A Single Enantiomer Preparation of Prozac? and a Novel Synthesis of Amides
Several modern-day pharmaceuticals consist of molecules that are chiral. These molecules are of special importance because they are composed of enantiomers. Enantiomers are nearly identical molecules that are non-superimposable mirror images of each other. Interestingly enough, enantiomeric pairs often have different effects within the body. We are working on two ideas, the first to show that a drug such as Prozac? can be made using our process, and the second, to increase the number of functional groups on our enantiopure molecules. The anti-depressant Prozac? is a chiral drug that is composed of two enantiomers. This compound is currently prescribed as a racemate, meaning that it consists of equal amounts of the two enantiomeric forms. Although each enantiomer has anti-depressant affects within the body, it is found that the drugs (S)-enantiomer has anti-migraine properties in addition to its anti-depressant.
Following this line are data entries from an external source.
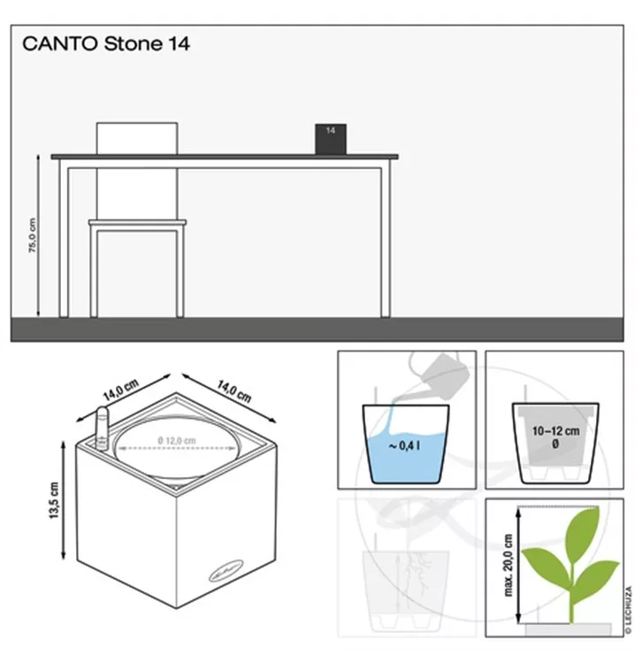 Wer klare Linien schätzt, wird CANTO Stone lieben. Die raue Natursteinoptik in drei Farbtönen bildet einen wunderbaren Kontrast zu sattem Grün und bunten Blüten. Dank gleicher Abmessungen kann der CANTO Pflanzeinsatz zwischen den beiden Modellen Würfel und Säule problemlos getauscht werden. CANTO Stone ist Gewinner des Red Dot Awards 2017, spiegelt Kernelemente zeitgemäßer Architektur wider und setzt Pflanzen attraktiv in Szene.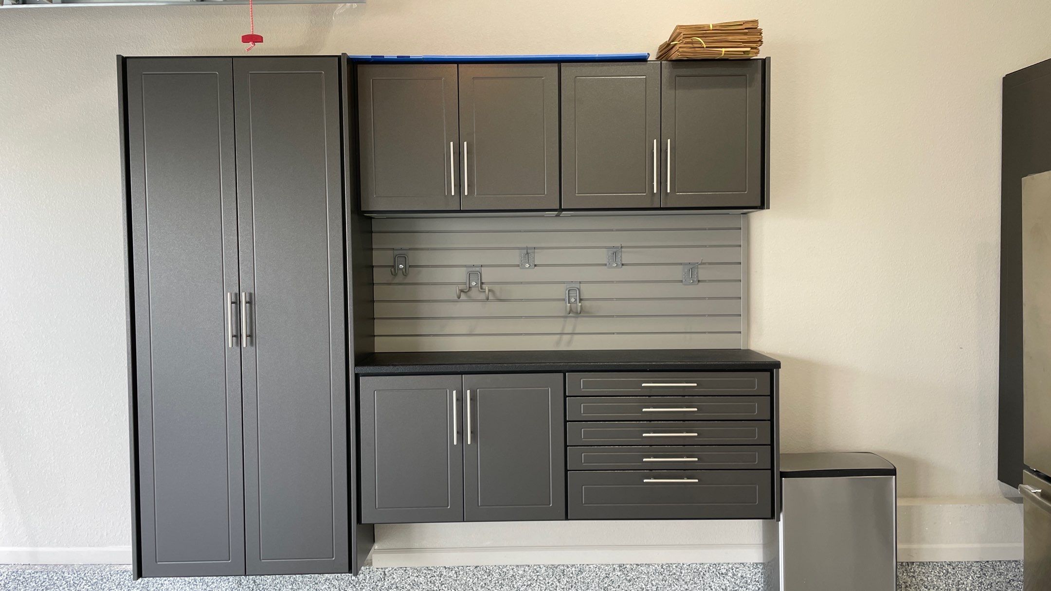 Racks: 4'x8' White Ceiling Rack, Heavy Duty Slotwall, SW HD Slatwall: "Weathered Grey", Redline GarageGear Cabinets, RLGG Cabinets: "Pewter" Powder Coated, Specialty "Black" HD Workbench/Countertop, Garage Upgrade, Garage Addition, Garage Remodel, Garage Wall Storage, Cabinet Installation
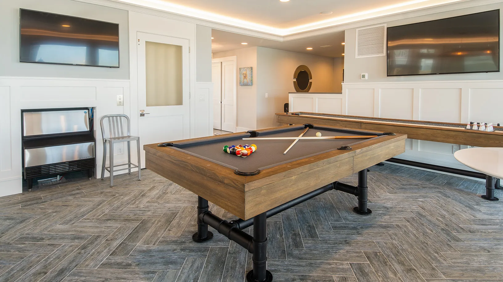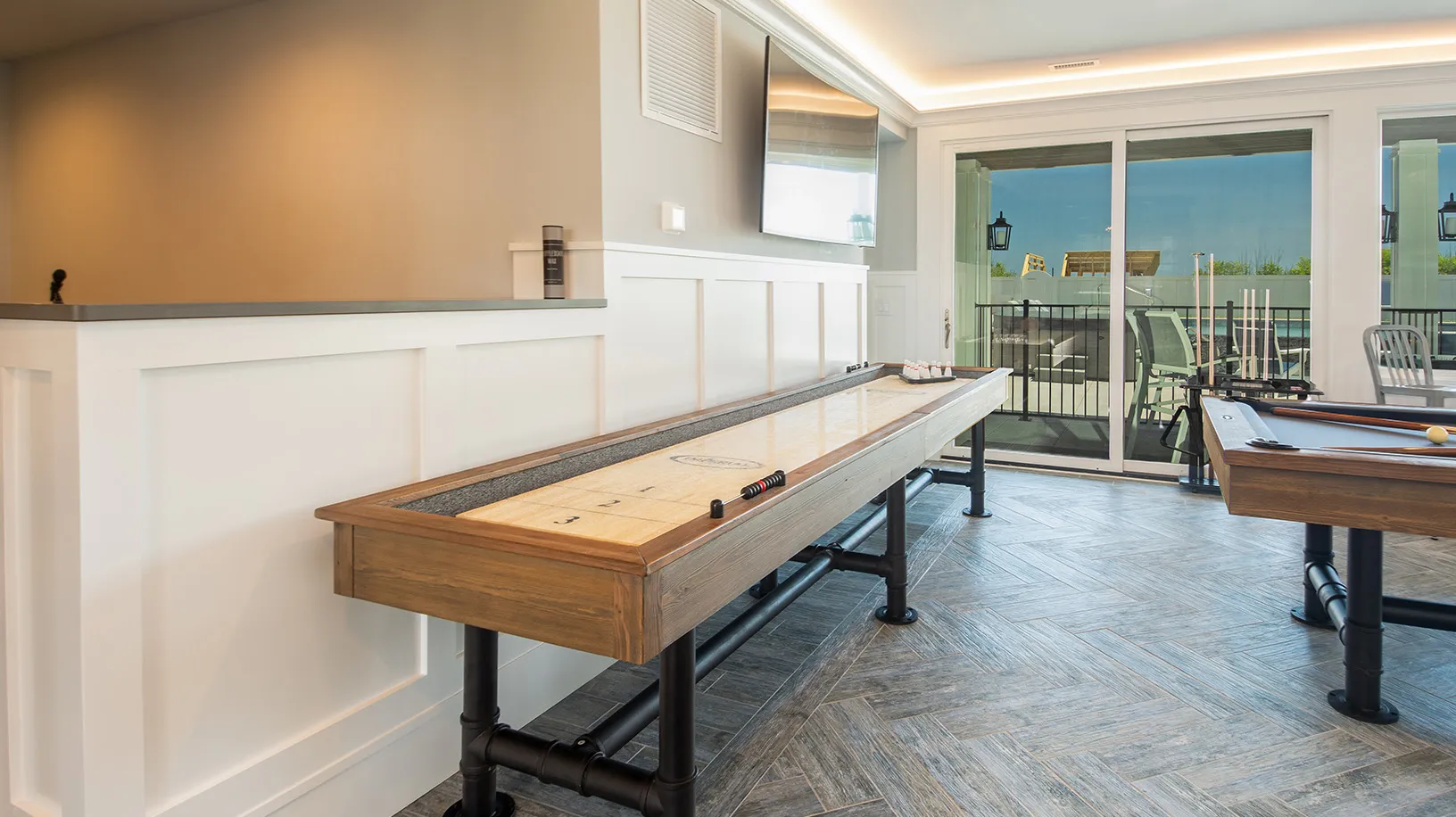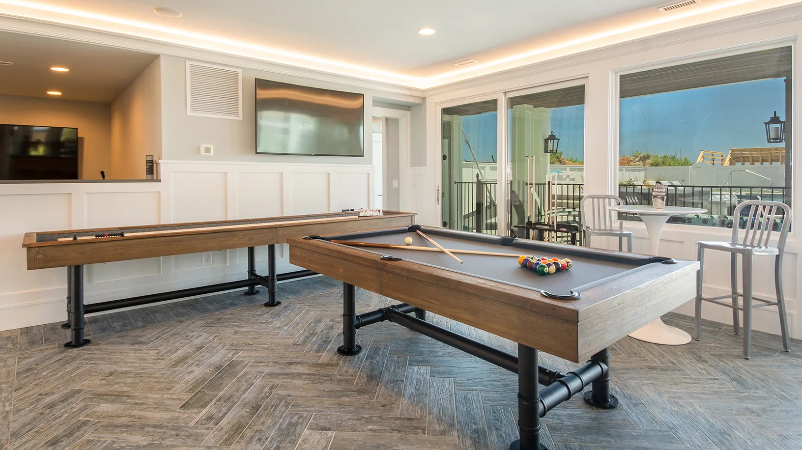 "Pool and theater room"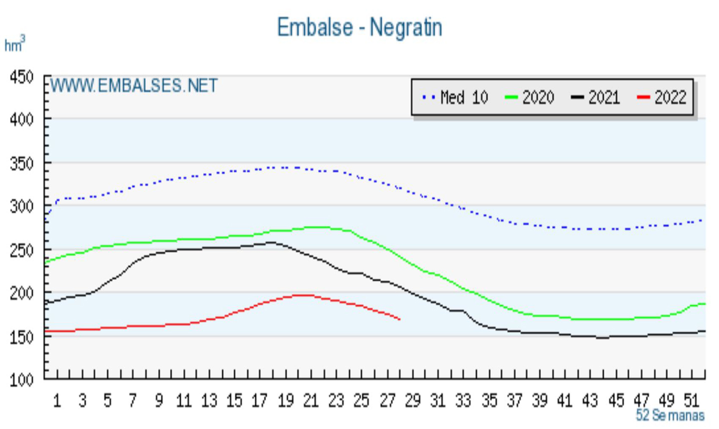 La situación de sequía determina un desembalse de 600 hm3 para el sistema de Regulación General en el año 2022, correspondiendo un volumen de 1.750 m3/ha, muy por debajo de los 5.000-6.000 m3/ha que venían siendo habituales hasta el año 2019.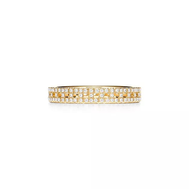 Tiffany T True Narrow Ring in Gold with Pavé Diamonds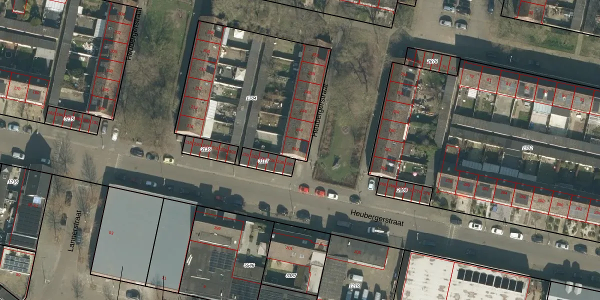 Het perceel waarop Heubergerstraat 242 staat heeft een oppervlakte van 1734 m². Dit is een zeer groot perceel. De perceeloppervlakte wordt geregistreerd door het Kadaster. Gedetailleerde informatie over de maten van dit perceel kunt u vinden in het rapport Kadastrale kaart met maatvoering van Heubergerstraat 242.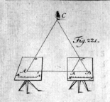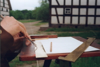 Einfache Meßtischaufnahme mit dem Diopterlineal (ohne trigonometrische Referenzpunkte): Ein Blatt von ca. 20” mit dem Maßstab 1:500 wird auf dem Tisch mit Knochenleim aufgezogen.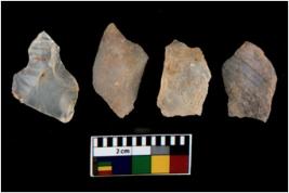 | Description / विवरण | There are n 4 utilized flake cores. There are multi directional irregular scar pattern on them. All of them are tapering at one end. |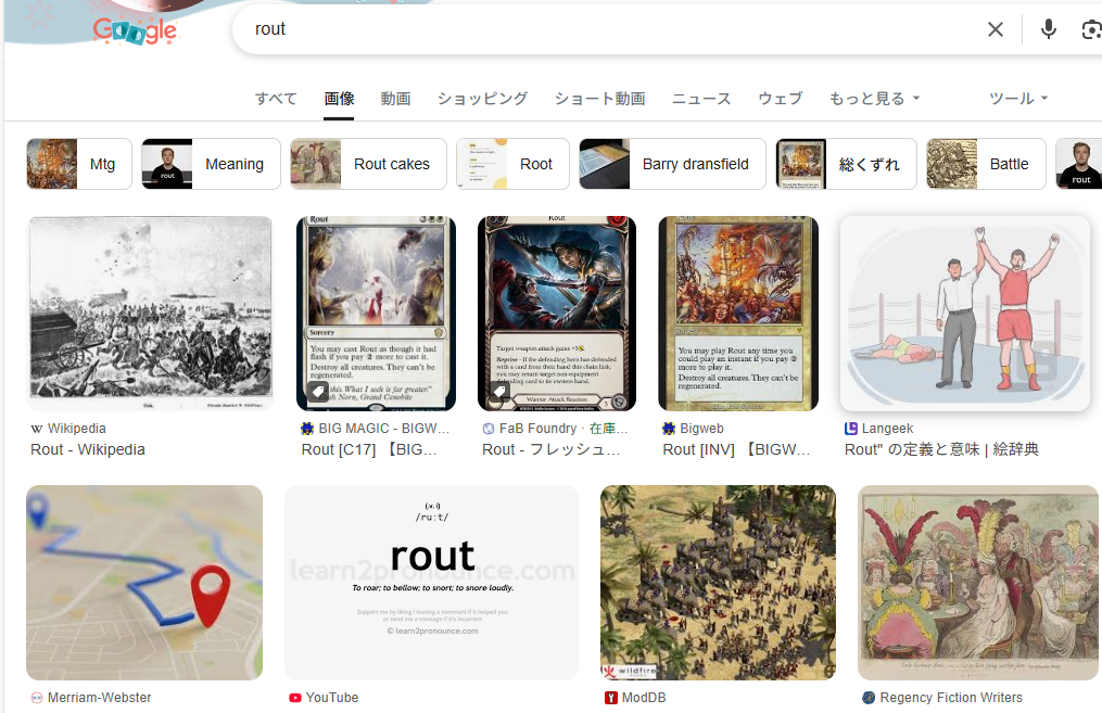 今回のroutの場合動詞の意味もあるので、そちらの意味や例文も当然確認します。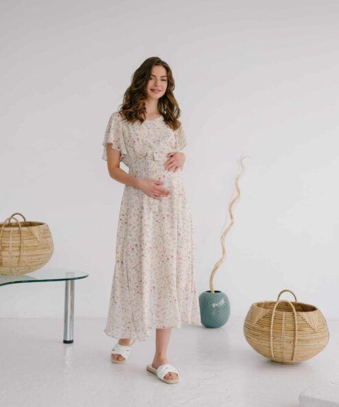 Женственное платье длины миди из струящегося шифона на подкладе из итальянской вискозы. В таком платье вы будете чувствовать себя утонченно и изысканно на любом сроке беременности и после. В комплекте пояс, платье можно носить с поясом и без. Для периода грудного вскармливания предназначены незаметные вертикальные молнии.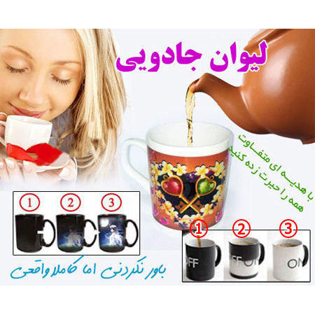 لیوان جادویی از سری تکنولوژی هایی می باشد توجه همه را به خود جلب می کند. شما تا بحال یک لیوان جادویی را مشاهده نکرده اید! این لیوان بسیار زیبا قادر است در چند لحظه شکل خود را به طور کامل تغییر دهد. لیوانی است که از جنس فوق حساس به حرارت ساخته شده است فقط کافی است در لیوان خود مقداری نوشیدنی داغ مانند آب، چای یا قهوه بریزید و آنگاه خواهید دید که این لیوان چگونه تصویر خود را تغییر می دهد. به محض خوردن نوشیدنی و سرد شدن آن ،  لیوان به وضعیت قبل از خود بر می گردد و مشکی می شود. فروشگاه میهن استور این محصول زیبا و استثنایی را به شما معرفی می کند. با خرید این محصول دوستان و اطرافیان خود را متعجب کنید.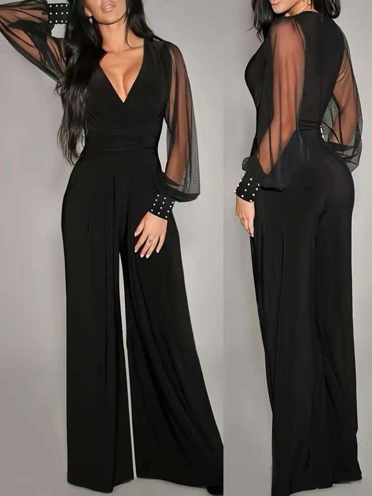 Kadın Uzun Kollu Kruvaze Yakalı Kolları Tüllü Viskon Tulum

Unfortunately, these affects are masked when the drug is taken in its racemic form. Our research proposes a method of synthesizing the pure (S)-enantiomer of Prozac? in order to unleash the molecules anti-migraine affects. In order to synthesize the molecule, a cyano group must be converted to an amide. Currently there are few ways that work to do such a conversion. We have developed mild reaction conditions to create the change and leave the stereochemistry of the molecule unchanged.
Pace, Aaron; Jones, Regan; Nguyen, Charles; and Tang, Judy, "A Single Enantiomer Preparation of Prozac? and a Novel Synthesis of Amides" (2002). URC Student Scholarship.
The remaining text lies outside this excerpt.